Sonntag, 13. Juni 2010

Sleep.Mode XV - Das Sleep.Mode-Syndrom

Früher war es für mich immer ein tolles Gefühl wenn ich unter der Dachschräge meines Zimmers lag und den Regentropfen zuhörte, wie sie auf die Scheibe prasselten. Als um etwa 2:00 Uhr nachts dieses gleichmäßige Schlagen der Tropfen einsetzte und Josie sich neben mir im Schlafsack ein bisschen bewegte, ihren Körper ein meinem striff und tief ausatmete, hatte ich für einen Moment diesen gesamten Scheiß vergessen.

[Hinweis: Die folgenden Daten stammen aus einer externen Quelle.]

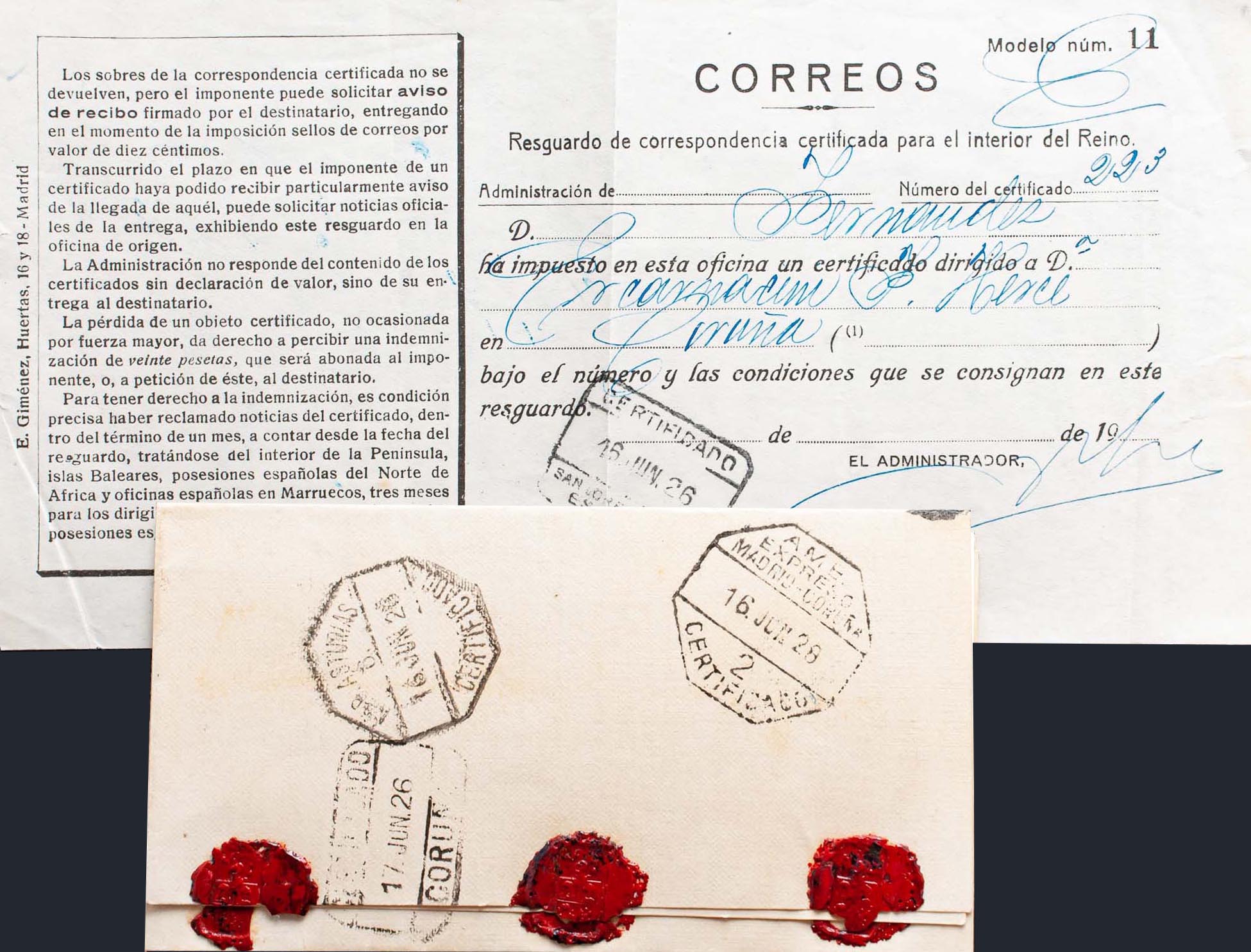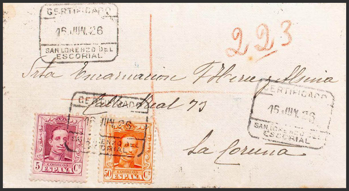 312, 320. 1926. 5 cts carmine and 50 cts orange. Certificate from SAN LORENZO DEL ESCORIAL to LA CORUÑA, includes receipt of the certification. On the back arrival. MAGNIFICENT.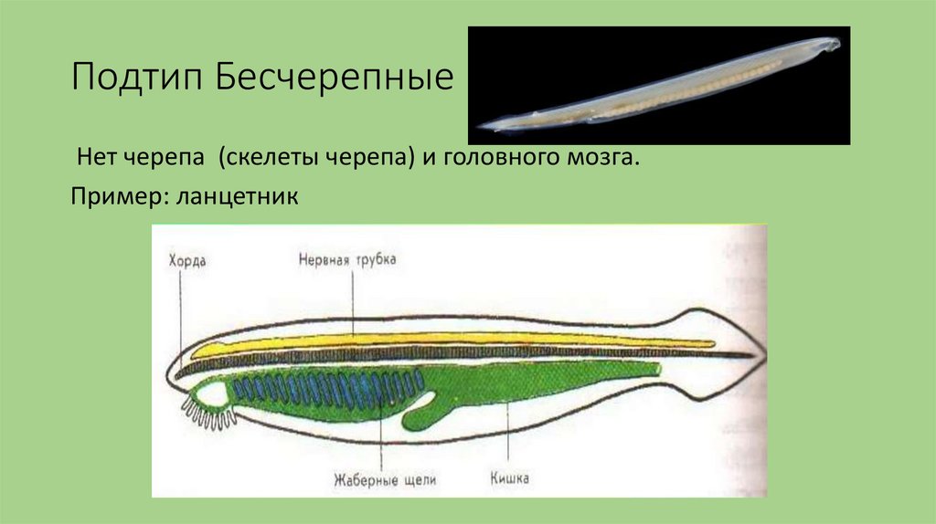 Подтип БесчерепныеНет черепа (скелеты черепа) и головного мозга.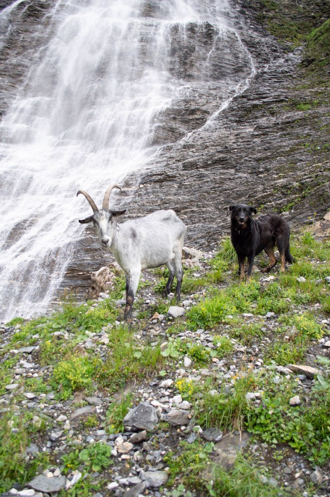 Oben angekommen: Stille. Nebel. Und dann doch – eindrückliche Bilder. Ein Wasserfall, der sein Lied in den Tag singt. Und mittendrin wir.
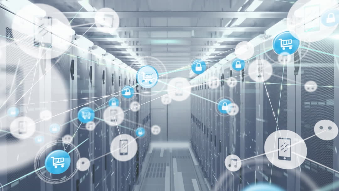 Modern data center with animated network connections demonstrating the flow of digital information. Icons overlayed display online shopping, security, communication, and media, indicating technological integration across various sectors. This would be ideal for illustrating topics on digital infrastructure, cybersecurity, cloud services, and data management solutions in presentations or tech company marketing materials.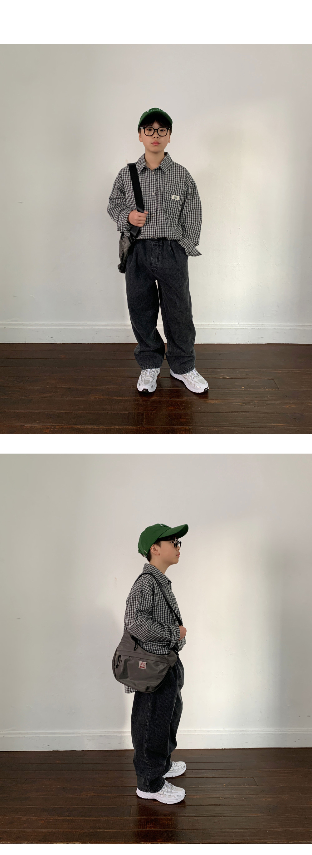 너무 크지 않은 체크 패턴으로 아이가 입었을 때 과하지 않고,

Ich liege hinter ihr, mein linker Arm auf ihren Bauch gelegt und der rechte Arm weiß nicht wirklich, was er tun soll. Ich sah es schon immer als eine der bedeutenderen Fragen des Alltags an, was man denn mit dem anderen Arm macht. Wenn man ihn unter die Frau legt, ist das unbequem für sie und der Arm schläft irgendwann ein. Wenn man ihn über den Kopf nach oben legt oder unter sich selbst ist es das gleiche Spiel. Ich drehe mich von ihr weg und ziehe eine Kippe aus der Brusttasche meines Hemdes. Die Taschenuhr zeigt 2:47 Uhr. Mit etwa 3 Stunden Schlaf war ich eigentlich besser dabei, als die letzten Tage, zumal er erholsamer war, als zu den Zeiten auf dem ersten Dachboden. Ich richte mich auf und zünde die Zigarette an. Es regnet immer noch wie verrückt und die Luft auf dem Dachboden kühlt allmählich ab. Der muffige Geruch von nassem, alten Holz und staubigen Schulmaterial füllt diesen langgezogenen Raum vollkommen aus. Übermorgen finden wir Zoe. Ganz sicher.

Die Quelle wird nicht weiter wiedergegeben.